The affirmation of our absolute freedom to choose seeks to secure the means by which we might choose while leaving our ends off stage. The ends of our choices, as a category rather than in terms of any particular choice we might make, cannot ultimately be themselves the product of human choice. Somewhere there is a point at which we’re moved to choose because of something that extends beyond choice itself. If the only answer we can give to the question “why do you choose x?” is “because I want x” then, I’d argue, our choice of x is devoid of meaning. At this point one might offer a naturalistic explanation i.e. that our desire for x can be explained by offering a causal account of our psychological development. Yet this just leaves us with the fact of our desire and a commitment* to the sheer contingency of this fact.
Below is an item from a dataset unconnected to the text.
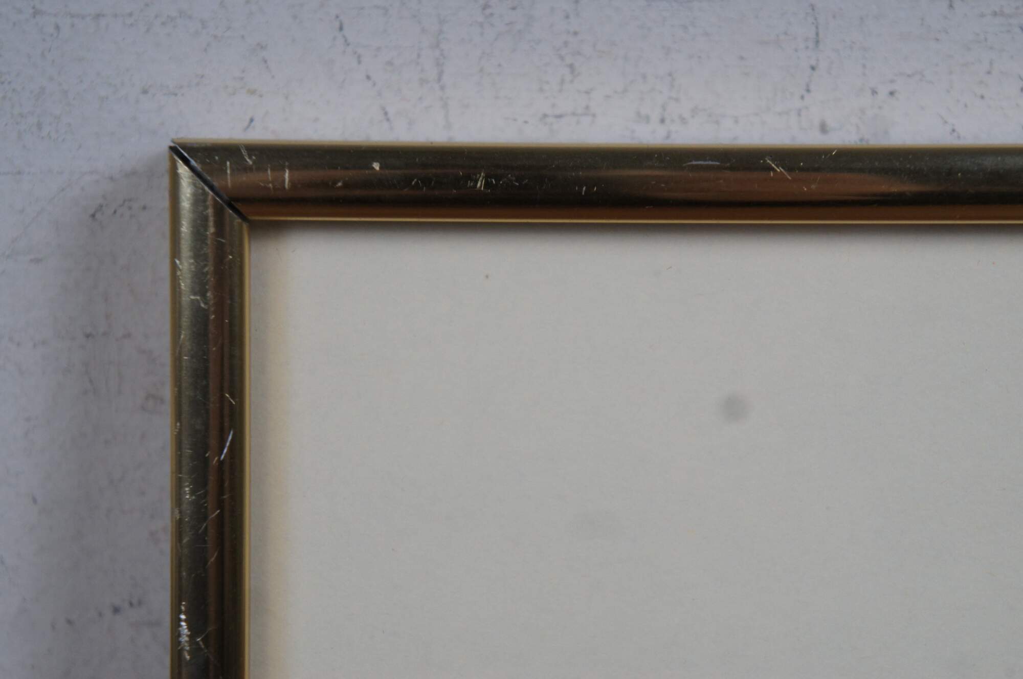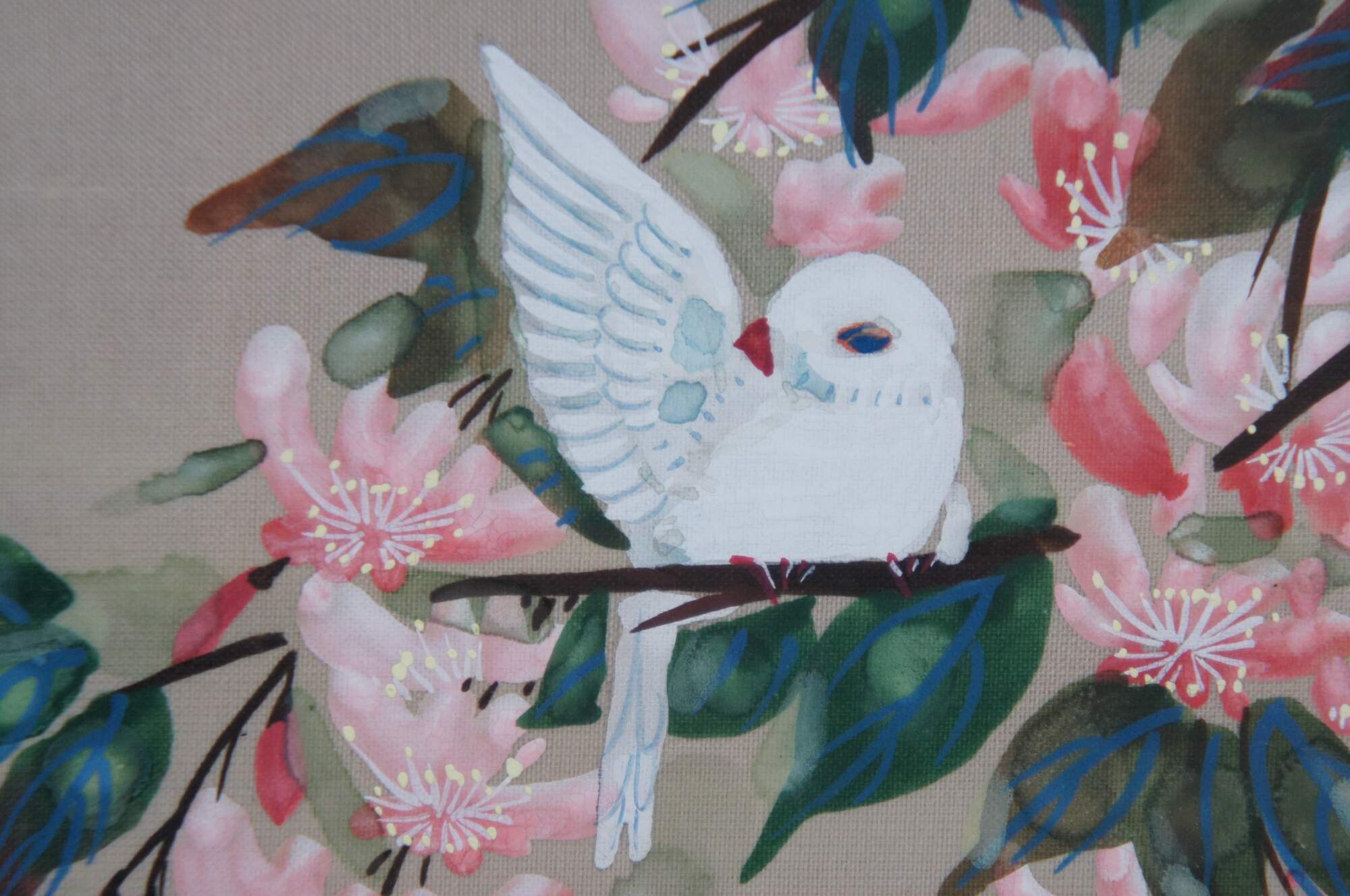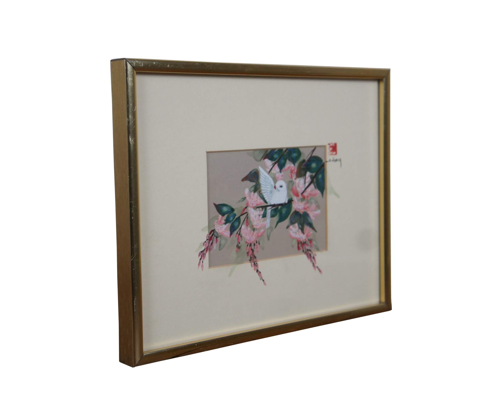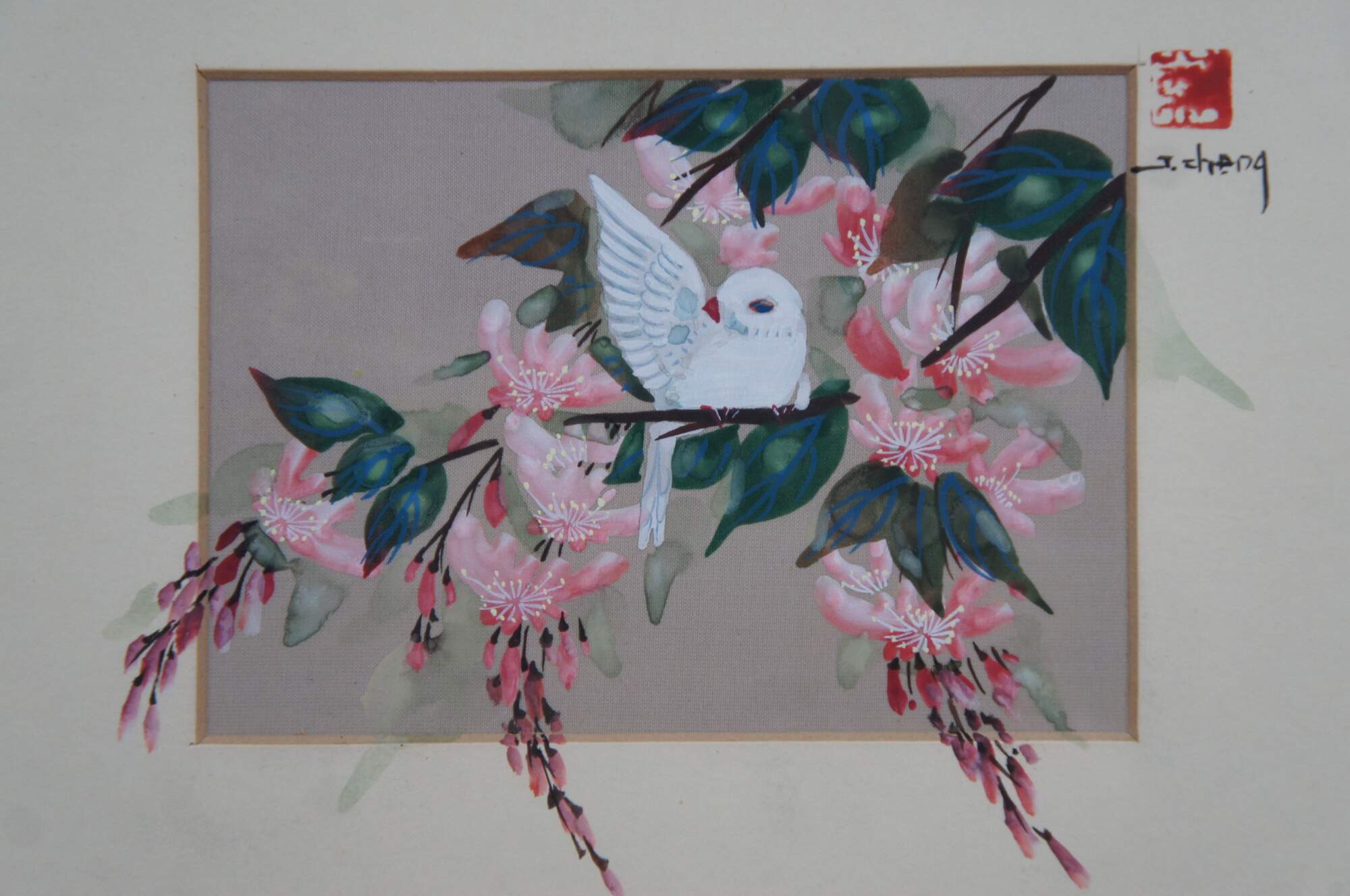 Vintage Chinese / Taiwanese John Cheng gouache / watercolor painting on silk, showing a small white bird / dove on a branch of cherry blossoms that spills off the canvas and onto the mat. Signed J. Cheng / sealed in upper right. Gold metal frame; off white mat.

For most things this is absolutely fine. Yet the fact of our experiencing significance as a whole, that some of our choices are meaningless whereas others are deeply meaningful, cannot itself be contingent. The content of those experiences, the particular significances certain choices hold for us, is susceptible to the sort of reductive explanations just discussed but the fact of significance itself is not. The fact of our having desires about desires, our enmeshment in a framework of meaning and significance that extends beyond the vagaries of momentary inclination, is necessary for us to experience any meaning and purpose at all.
Why, to use Reiff’s phrase, would we take our subsequent choices seriously when they have no value beyond that of choice itself? The fact we do experience meaning and significance, that we do take some of our choices very seriously, necessarily entails that the choices we make are framed by a wider sense of the significance those choices hold for us. Yet the therapeutic ethos denies this dimension of moral experience through (a) its ethical affirmation of the right to choose as the only value (b) its causal claims about the choices we make. These wider structures of significance and meaning are a necessary feature of human agency but the therapeutic ethos dissolves our understanding of those domains. Our lives are still shaped by these structures but we increasingly lose the ability to understanding and talk articulately about them. In the individuals life this diminishes our moral experience and in society’s life this restricts political possibility, simply because it’s increasingly difficult to engage in political projects when (a) the language of morality is impoverished (b) the collective values on which such projects are predicated are increasingly understood as aggregates of arbitrary individual value judgements.
*Because that’s what it is. There’s no value-neutral theorising that can be done about these sorts of matters. We can’t seperate ourselves and our own lives from the conclusions we draw about the nature of human existence more generally.